2 / 9
オメガ編2
「そろそろ番を作れと、両親が五月蝿くてね」
唐突に彼がそう言った。
「今度オメガとのマッチングパーティに出るんだ。……お前も来るかい?」
パーティには最上級のオメガたちだけでなく、優れた独身のアルファも数多く出席するという。
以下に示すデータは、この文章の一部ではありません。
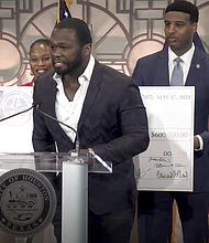 Harris County Commissioner Rodney Ellis, left, and Arthur L. Schechter, former U.S. Ambassador to the Commonwealth of The Bahamas, talk on side of the Gov. … Published on September 27, 2021 |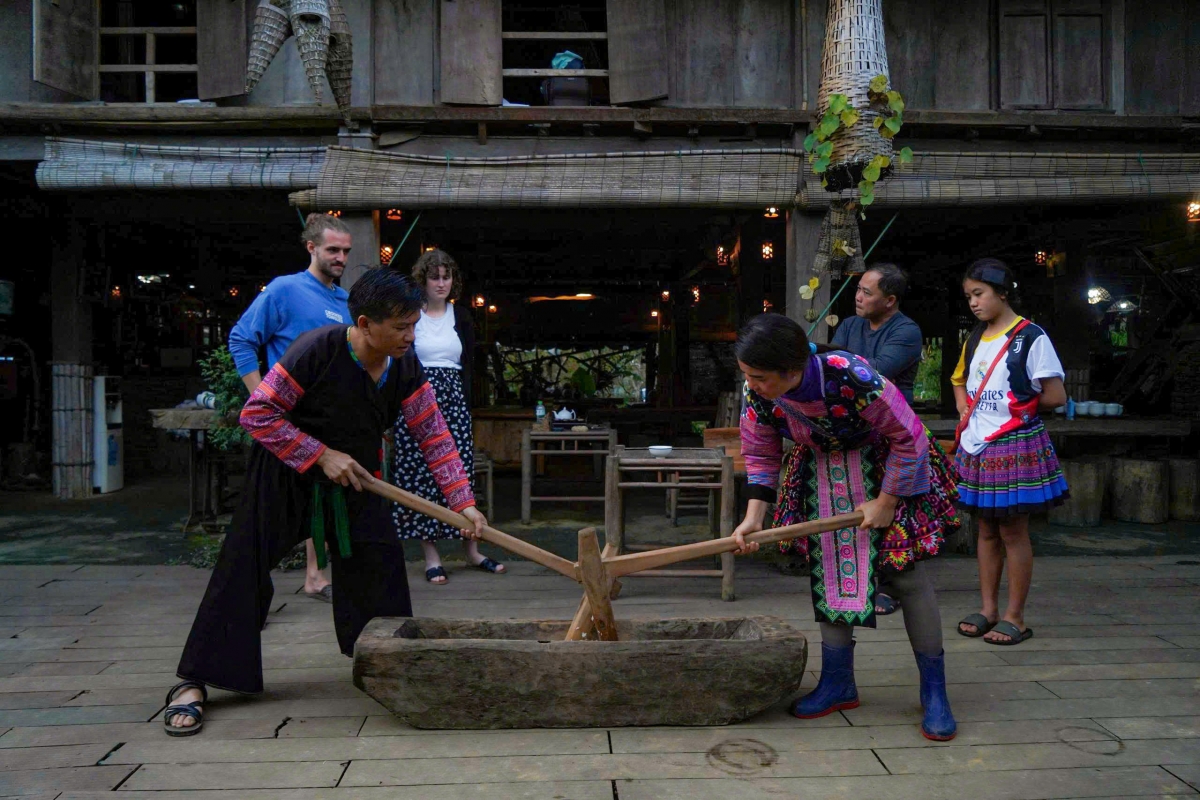 Lùng muẩn, cờ hên dố tẩu, kéh ziều mảng anhz chuổng zào liều vuồn uz, vuồn ngệ lái tzính múa tỏi miền màn ziêm láng kếu y mhuôngz tziêuz homstay A Chu biểu diễn, kếu coz bài lả còn ziều, plômz phàn tị, boz tàn. A Trang, làn miền plôm phàn tị ziêm đội vuồn nghệ láng pun hiuz: Zia laz xì guyền hnâyz vuổi tuz plômz phàn tị, biểu diễn vuồn nghệ mayz tan mài thim nhuồn xiêu, bez anhz tzùn pn khzé ziều mảng hiuz duấn phính pẹ mìu miền nhây vuồn uz.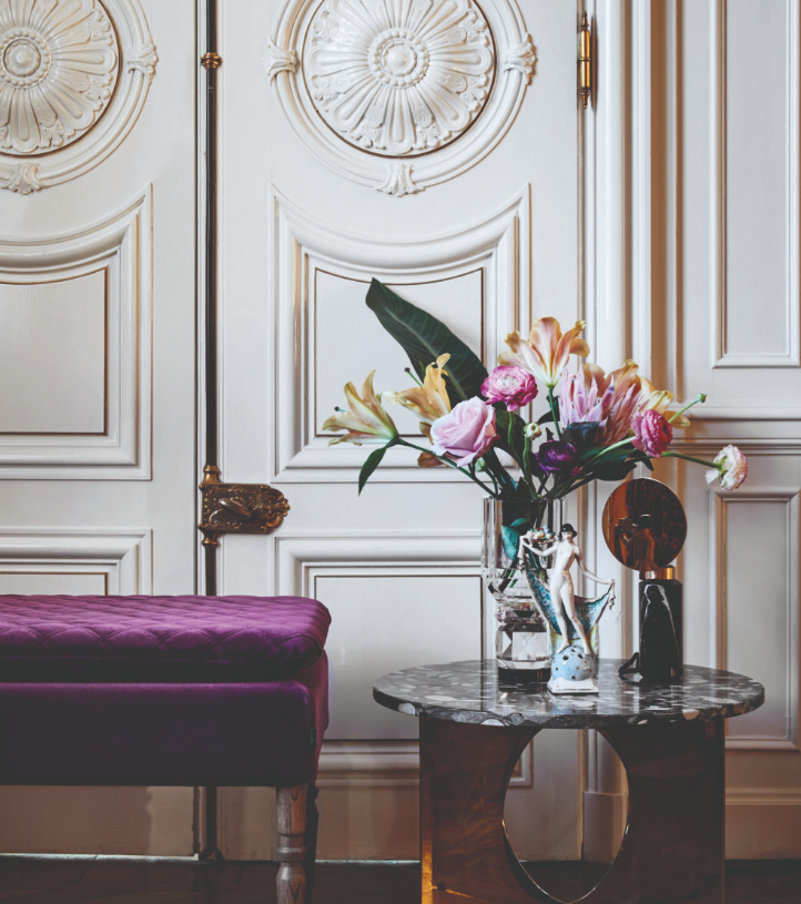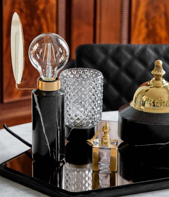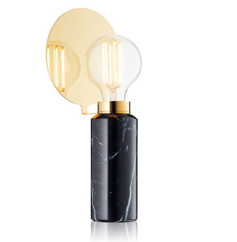 The Blindspot is a small table lamp that fits in anywhere with its simple elegance. The gold plate literally creates a blind spot so the lightbulb is hidden behind it – hence the name. Made in beautiful marble and brass.

「もしかしたらお前の運命の番も、そこで見つかるかもしれないよ」
屈託無く笑う彼に、僕も笑顔で応える。
胸が激しく痛んだけれど、それはすぐに押し殺す。
アルファの言葉には逆らえない。
彼が喜んでくれるなら、それでいい。
だけど本当は……少しだけ、疲れてしまった。
自分から望んで始まった関係だけど、僕の思いが彼に届くことはない。
それが無性に悲しくて、苦しくて。
どれだけ支配されても、心が満ちることはなかったのだ。
――やっぱり僕は、出来損ないのオメガなんだ……。
ベータの家庭に生まれた、唯一のオメガ。
ヒートが来るまでずっとベータだと思っていたからなのか、僕の考えは普通のオメガと違うらしい。
学生時代、クラスメイトたちに散々「オメガらしくなれ」と言われ、僕自身頑張って努力してきたけど……やっぱり僕は、本当のオメガにはなりきれないようだ。
きっと彼も、僕が出来損ないだから、少しの愛も与えてくれないんだろう。
離れなきゃいけない。
でも離れたら僕はどうなる?
先の見えない未来を思うと、不安だけが募っていく。
マッチングパーティーに出席しても、運命の番に会えるとは思えないけど、彼の言葉には逆らえない。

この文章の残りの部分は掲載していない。